CvB gedeeltelijke aanbeveling. De uiting: Het betreft de (Engelstalige) verpakking van het product ‘Organic Aloe Vera Toothpaste’ van Dr. Organic. De klacht: Op de verpakking wordt geclaimd dat de tandpasta ‘organic’ oftewel biologisch is. Uit correspondentie met de NVWA en Bionext heeft klaagster begrepen dat een cosmeticafabrikant mag claimen dat zijn product biologisch is, dat hierop niet wordt gecontroleerd, maar dat de fabrikant desgevraagd de juistheid van de claim moet kunnen aantonen. Op klaagsters verzoek daartoe heeft adverteerder geen certificaten kunnen of willen overleggen van onafhankelijke instellingen die waarborgen dat de in de tandpasta gebruikte ingrediënten inderdaad biologisch zijn. Uiteindelijk heeft adverteerder aan klaagster wel de informatie verstrekt dat het hoofdingrediënt van de tandpasta in ieder geval biologisch is, maar een certificerende instantie is niet meegedeeld. Volgens klaagster is sprake van misleiding. CvB bekrachtigd bestreden beslissing.

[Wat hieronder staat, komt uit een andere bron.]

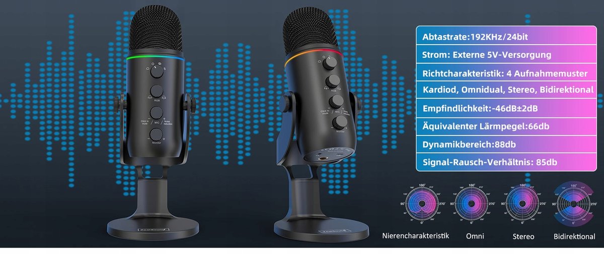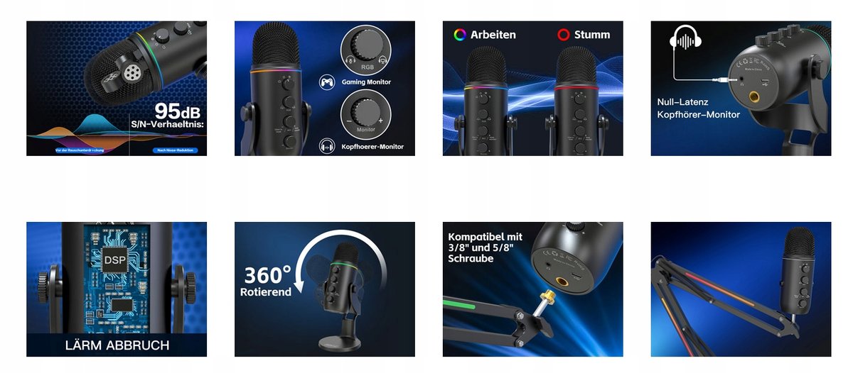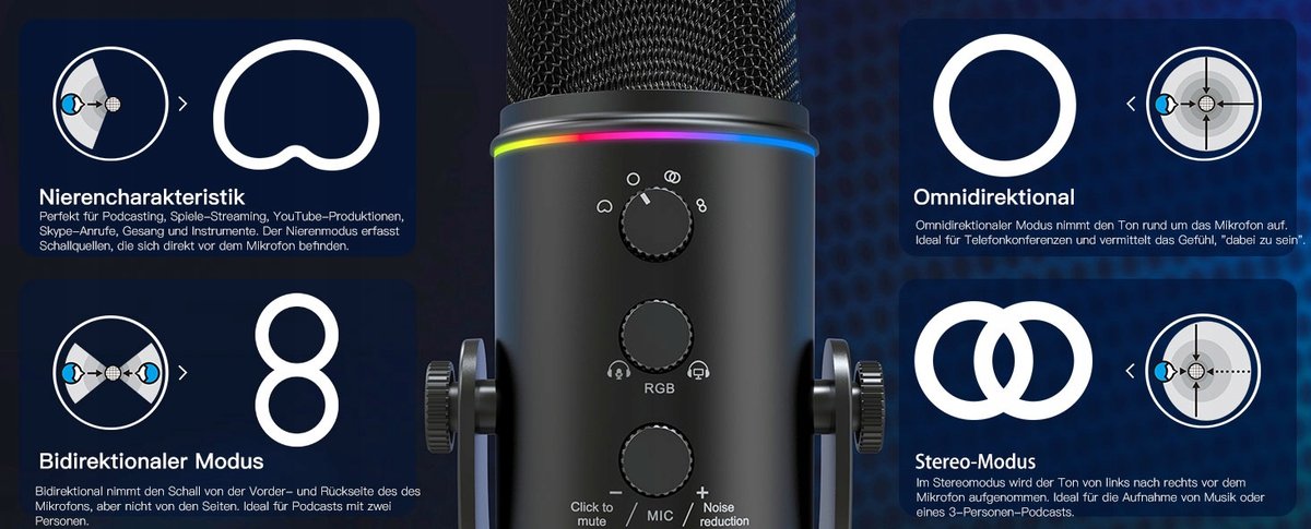 - 【Profesjonalny pokrętło wzmocnienia mikrofonu】Ten mikrofon USB do podcastów posiada pokrętło wzmocnienia. Swobodnie dostosuj głośność i czułość mikrofonu podczas nagrywania, aby uzyskać doskonały dźwięk. Obniżaj wzmocnienie, aby skutecznie redukować hałasy otoczenia, a przeciwnie - zwiększaj czułość. Funkcja Echa posiada kontrolę poziomu i można ją wyłączyć przy pomocy pokrętła echa. Diody LED przypominają o wyłączeniu wyciszenia, abyś nie zapominał o jego anulowaniu.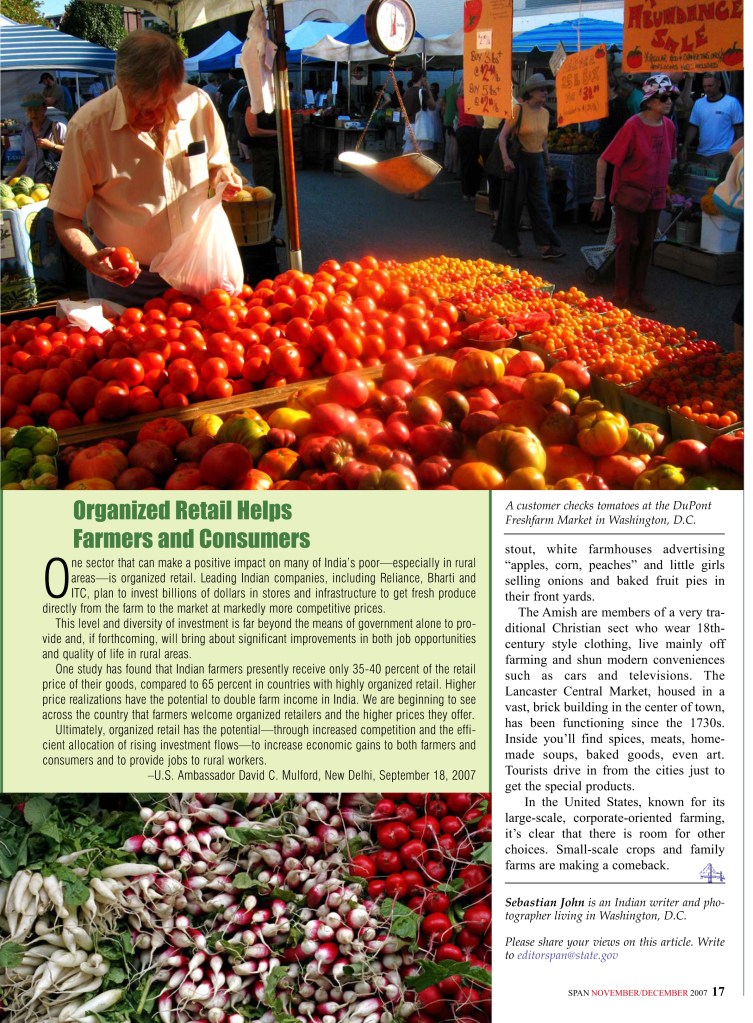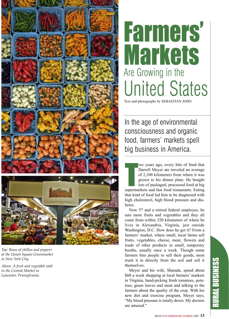 I grew up in Tanzania, India and the UAE, where I was exposed to the concept of farmers selling directory to consumers. It was an accepted feature of daily life and not much thought was put into it. After I moved to the US in mid-2000s the way I saw, bought and consumed food changed dramatically. As much as I was used to food stores in other countries the concept of a food store in the U.S. is moderately to extremely different. I was in awe of the range of products offered in an average store and at the same time struck by fact that I had no connect to the food that I was buying or eating. In 2006 a friend in the DC area introduced me to a farmers’ market and I was kind of mesmerized by it. To me the U.S. farmers’ markets were a reminiscence of the markets that I was used to but realized that they were much different. The U.S. farmers’ markets are centers of business, hubs of social interactions, and support food programs which are not that common in other countries. Thus began a journey into understanding, learning and buying from U.S. farmers. In 2007 I wrote a article for SPAN, a cultural magazine published by the U.S. Embassy in India. Since then 2007 I have been photographing farmers’ markets whenever I travel in the U.S.

Afwijzing. De uiting: Het betreft een uiting op de website van adverteerder www.brouwerijkraan.nl, voor zover daar onder de link ‘bieren’ staat: “Kraanwater 8.2. Kraanwater 8.2 stamt nog uit de tijd van het amateurbrouwen vanaf 2001 ben ik aangesloten bij “De Boreftse Brouwers” we waren toen met zo’n 10 brouwers en maakte vier keer per jaar met z’n tienen 5 brouwsels, Ik brouwde elke keer dezelfde omdat ik hem steeds wilde verbeteren en na 5 jaar was ik tevreden. Eerst de lekkere frisheid, dan de zoet met het alcohol en als laatste de kruidige nasmaak die lekker blijft hangen, met Pilsmout en de hoppen Saaz en Styrian Goldings is dit een lekkere zware blonde.”
Voorzitterstoewijzing zonder aanbeveling. Misleiding voornaamste kenmerken product. De uiting: Het betreft een televisiecommercial voor SAIL Amsterdam waarin onder meer wordt gezegd: “Beleef SAIL vanaf het water. Alleen arrangementen geboekt via sail.nl geven toegang tot het hart van SAIL. Kijk nu voor alle unieke arrangementen op sail.nl”. De klacht: Klager stelt, samengevat, dat in de televisiecommercial ten onrechte wordt beweerd dat alleen arrangementen geboekt via sail.nl toegang geven tot het hart van SAIL, waarmee wordt verwezen naar Tall-ships. Er zijn echter andere aanbieders die hetzelfde arrangement aanbieden. Met schepen en vaararrangementen geboekt bij die aanbieders vaart men eveneens langs de schepen. Klager vindt de televisiecommercial om die reden misleidend.